- _About this task_
Give the data again exactly as written, skipping any pictures.
START Material provided
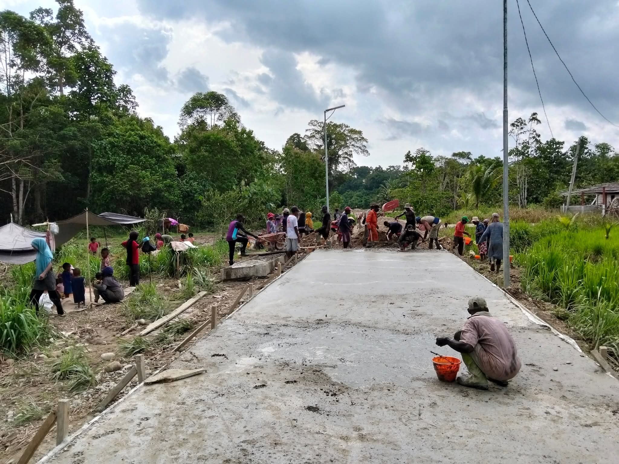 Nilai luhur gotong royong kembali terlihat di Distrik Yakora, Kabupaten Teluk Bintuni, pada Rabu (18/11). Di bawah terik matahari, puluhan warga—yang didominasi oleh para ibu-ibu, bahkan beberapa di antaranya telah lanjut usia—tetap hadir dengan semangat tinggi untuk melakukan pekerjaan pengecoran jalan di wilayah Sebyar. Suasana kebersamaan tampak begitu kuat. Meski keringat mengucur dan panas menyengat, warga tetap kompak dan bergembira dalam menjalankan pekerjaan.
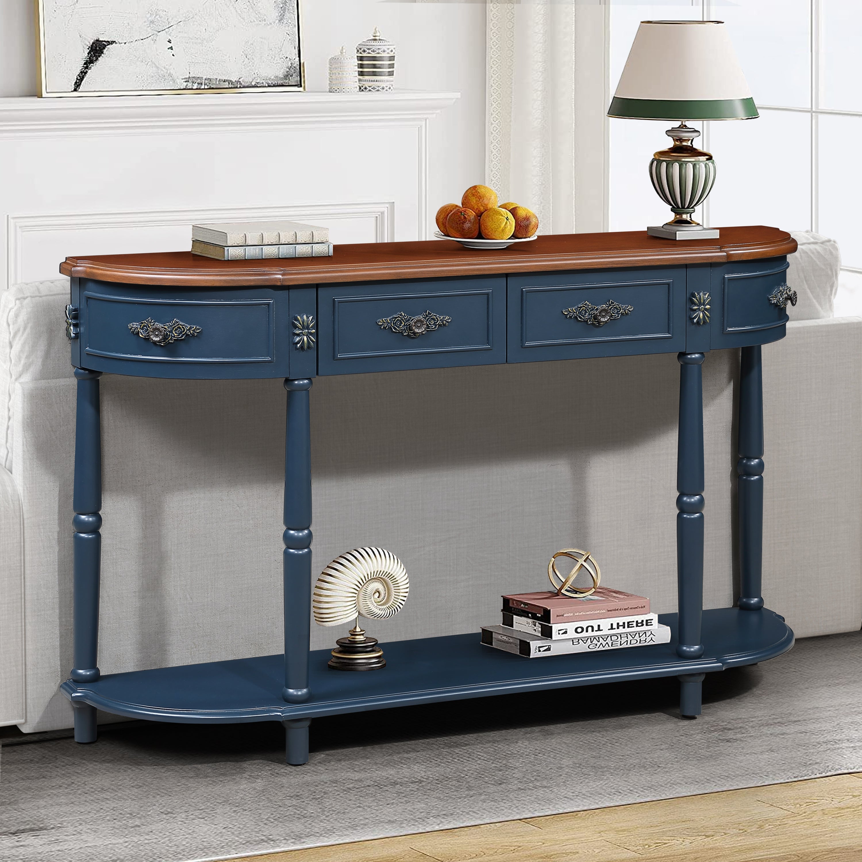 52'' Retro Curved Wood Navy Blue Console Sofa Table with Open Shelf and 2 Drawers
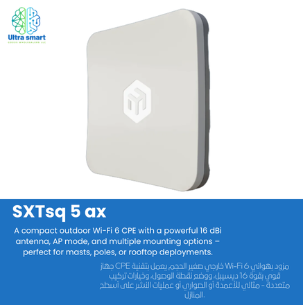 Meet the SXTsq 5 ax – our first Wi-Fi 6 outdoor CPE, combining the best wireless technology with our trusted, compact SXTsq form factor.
END Material provided
- _Solution for this exercise_
 Nilai luhur gotong royong kembali terlihat di Distrik Yakora, Kabupaten Teluk Bintuni, pada Rabu (18/11). Di bawah terik matahari, puluhan warga—yang didominasi oleh para ibu-ibu, bahkan beberapa di antaranya telah lanjut usia—tetap hadir dengan semangat tinggi untuk melakukan pekerjaan pengecoran jalan di wilayah Sebyar. Suasana kebersamaan tampak begitu kuat. Meski keringat mengucur dan panas menyengat, warga tetap kompak dan bergembira dalam menjalankan pekerjaan.
 52'' Retro Curved Wood Navy Blue Console Sofa Table with Open Shelf and 2 Drawers
 Meet the SXTsq 5 ax – our first Wi-Fi 6 outdoor CPE, combining the best wireless technology with our trusted, compact SXTsq form factor.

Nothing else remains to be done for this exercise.